クリスとベアードはお互い仕事内容は守秘していたが、ステインも二人の関係は知っており、二人が連携して動ける、動いていることも予想できたのだ。

そのため、クリスが国境付近から遠のくにあたってステインは正式に、連絡を取り合って国境付近の警戒にあたるように、という通達を下し、フェッスールまでクリスたちを使いに遣ったのだ。

その道程で、国境付近の治安低下の要因が殲滅され尽くすことも、織り込み済みである。

むしろ、それによってベアードたちの行動の幅を拡げることが、ステインの目的であったりする。

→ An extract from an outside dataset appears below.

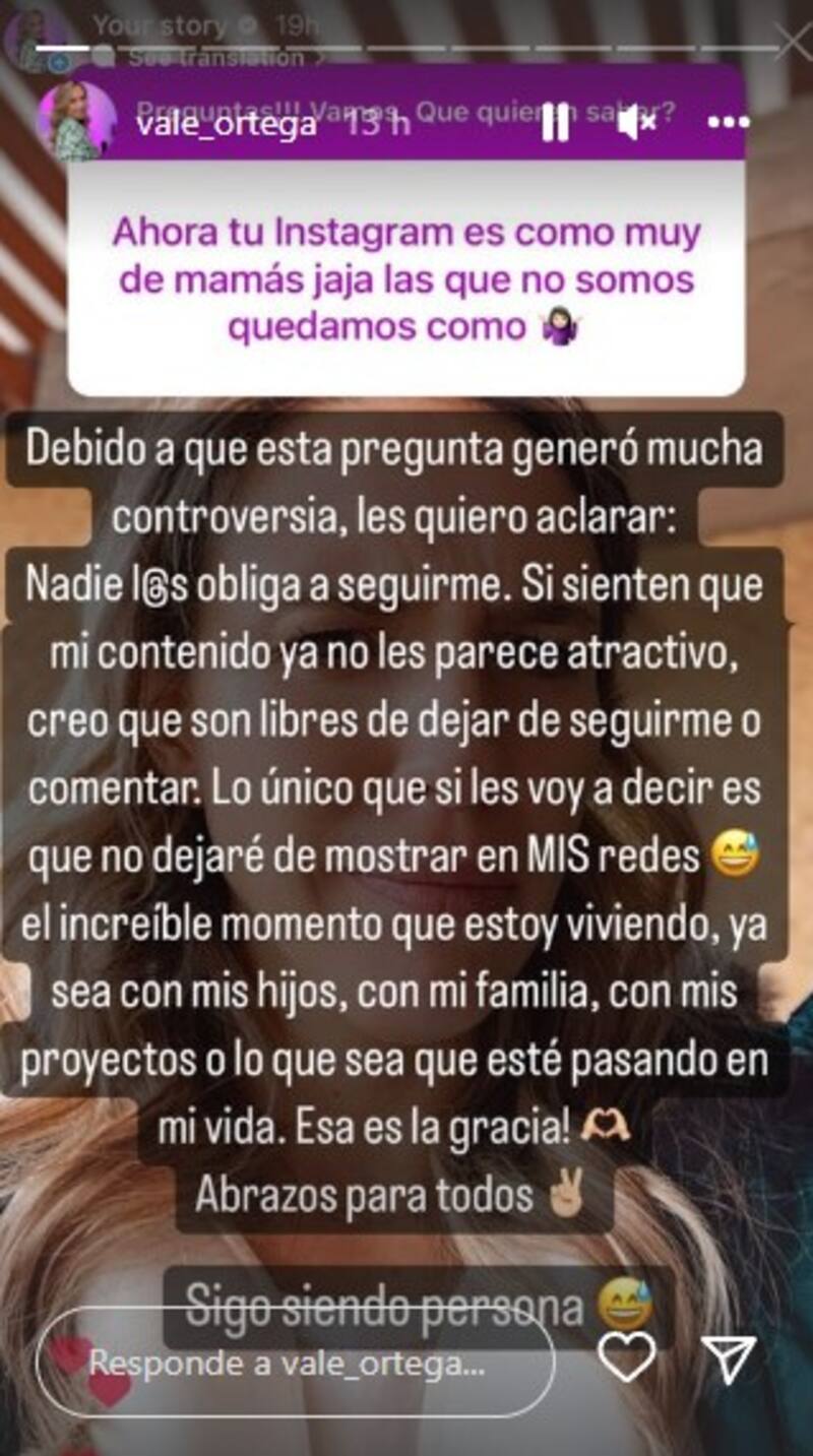 “Ahora tu Instagram es como muy de mamás jajaja las que no somos quedamos como...”, escribió con emoji como de descontento, lo que generó controversia entre sus seguidoras quienes la llenaron de mensajes de apoyo, mientras que Vale Ortega reflexionó al respecto.

護衛よりも護衛対象が、その目的のために精力的に働いていたことは、ステインが知る由も無かったが。

「さすが最前線の町だな、厳重警備だ」

「入るまでに時間がかかりそうっすねぇ」

「ひといっぱい」

「お嬢、あんまり離れて迷子になってもしらんぞ」

「わ、分かってるわよ!・・・あれ、姉さんは?」

門の前に出来ている行列の最後尾につきながら、それぞれ感想を述べる。

「ここであんまり時間取られるのも面倒だからな、フウリにはおっさん呼びに行ってもらってる。あんなおっさんでも、もしかしたら俺らを優先的に町に入れるくらい、できるかもしれんだろ?」

「旦那、ギバル傭兵団の団長を呼びつけるとか、まじで勘弁してくだせぇ」

クリスのベアードへのあまりにぞんざいな扱いに、ソドがおっかなそうに言う。

「そんなびびらんでもいいだろ、たかが蜥蜴のおっさんだぞ」

「蜥蜴で悪かったな」

クリスのあまりな言葉に、でかい影が返答する。

「お、やっと来たな、おっさん!遅いぞ」

「おいおい、これでもクリスが来てるっていうもんだから、急いできたんだがなぁ」

ベアードが、傍から見ると凶暴な笑みを浮かべ頭を掻く。

獣人三人はベアードの急な登場に驚き、口を開けたり閉じたりしている。

「で、おっさんの権限で、俺らをすぐに町に入れられるの?」

「おう、そのくらいならお安い御用だ。ついてこい」

クリスの質問に気前よく答えたベアードは、列を横目に門へと歩きだす。

クリスはフィリスと手を繋ぎながら、ベアードにゆったりと続き、遅れて獣人三人が慌ててクリスを追う。

「しかしおっさん暇なのか。急に呼びにいったのに、普通に出迎えに来るとか」

「それがだな、ここ最近で国境付近の賊が何故かすごい勢いで減ってな。開店休業状態だ。何でも獣人の娘が大暴れしていたらしい。会う機会があったら是非とも仕事を減らしてくれたお礼をしないとな」

クリスの質問に生真面目に答えるベアード、傍から見ると物騒な笑顔のおまけ付きである。

それを見てルドは完全に震え上がってしまっている。

「そういや、クリスのお連れさんも見かけない獣人の娘がいたな」

「おお、しかも強いぜ。道中の賊を殲滅しちまうくらいに」

ベアードが意地悪そうな顔で後ろを振り向き、クリスもそれに続いてこれまたいい笑顔で後ろのルドを見る。

「え!?あ、えっと!あーっと!?」

二人の視線が集中したことでルドが一気にパニックになる。

怪しいジェスチャーで何かを伝えようとするルドに対し、二人はニヤニヤと意地の悪そうな笑みを向ける。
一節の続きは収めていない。